# Which Server Edition



## Alex Ethridge (Apr 10, 2000)

I have no experience with any server edition of Windows and it scares me every time I have to get into a server to just check or verify settings when looking for a problem with a workstation so help me out here.

If someone were setting up a small office (veterinarian, dentist, accounting) of a server and about ten or fewer workstations, which server software would fit that need best?

There are some programs that will be installed on the server and run entirely from the server. Then there may be some that will be installed on the server _and_ every workstation and pull files from the server.


----------



## Squashman (Apr 4, 2003)

Small Business Server was always the version for small companies. Now they refer to it as Windows Essentials.
http://www.microsoft.com/en-us/serv...2-r2-essentials/default.aspx#fbid=biBDxANwlfb
http://technet.microsoft.com/en-us/sbs/


----------



## Alex Ethridge (Apr 10, 2000)

Just trying to learn a little here -- what would be the next step up from that?

The reason I ask is that I am seriously considering buying one just to learn on. I learned user-grade Windows by crashing it over and over and recovering/fixing/reconfiguring; but, I can't do those without-a-net experiments on an in-place server.

The latest Windows Server I have access to here right now is 2000 and that is very dated.


----------



## valis (Sep 24, 2004)

I learned a ton from SBS back in 2003 or so.....and it translated readily to the big boy edition at the time....which in turn led to 2008 r2 and hard to believe THAT is 6 years old.

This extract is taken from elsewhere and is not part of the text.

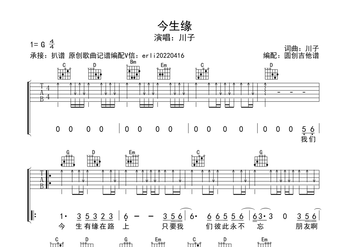 《今生缘》是今生缘演唱的一首歌曲,扫弦编配原版编配,本吉他谱采用的是G调指法编配,这份吉他谱共有三张高清图谱,图谱由 @圆创吉他谱 编配上传,图谱使用六线谱编配,包含吉他和弦指法、简谱以及歌词部分,使用这份今生缘吉他谱,可以让你更加方便地掌握这首歌曲的弹唱技巧,快来尝试吧。经典歌曲G调指法编配 适合所有吉他弹出爱好者。

but yeah, I learned a lot that was very readily transferred to the big ones from SBS. Enterprise would be a great place for you to at least not be scared of killing it.


----------



## lunarlander (Sep 22, 2007)

You can get the free trial from MS here, good for 180 days.

http://technet.microsoft.com/en-ca/evalcenter/hh670538.aspx

After that trial is over. Reinstall and continue, although you'd have note down what settings you did before.


----------



## Alex Ethridge (Apr 10, 2000)

Thanks for all the help. Especially, I didn't know about the trial version. I downloaded the ISO and will be trying it out when work slacks. It's tax season and these tax preparers have me running right now.


----------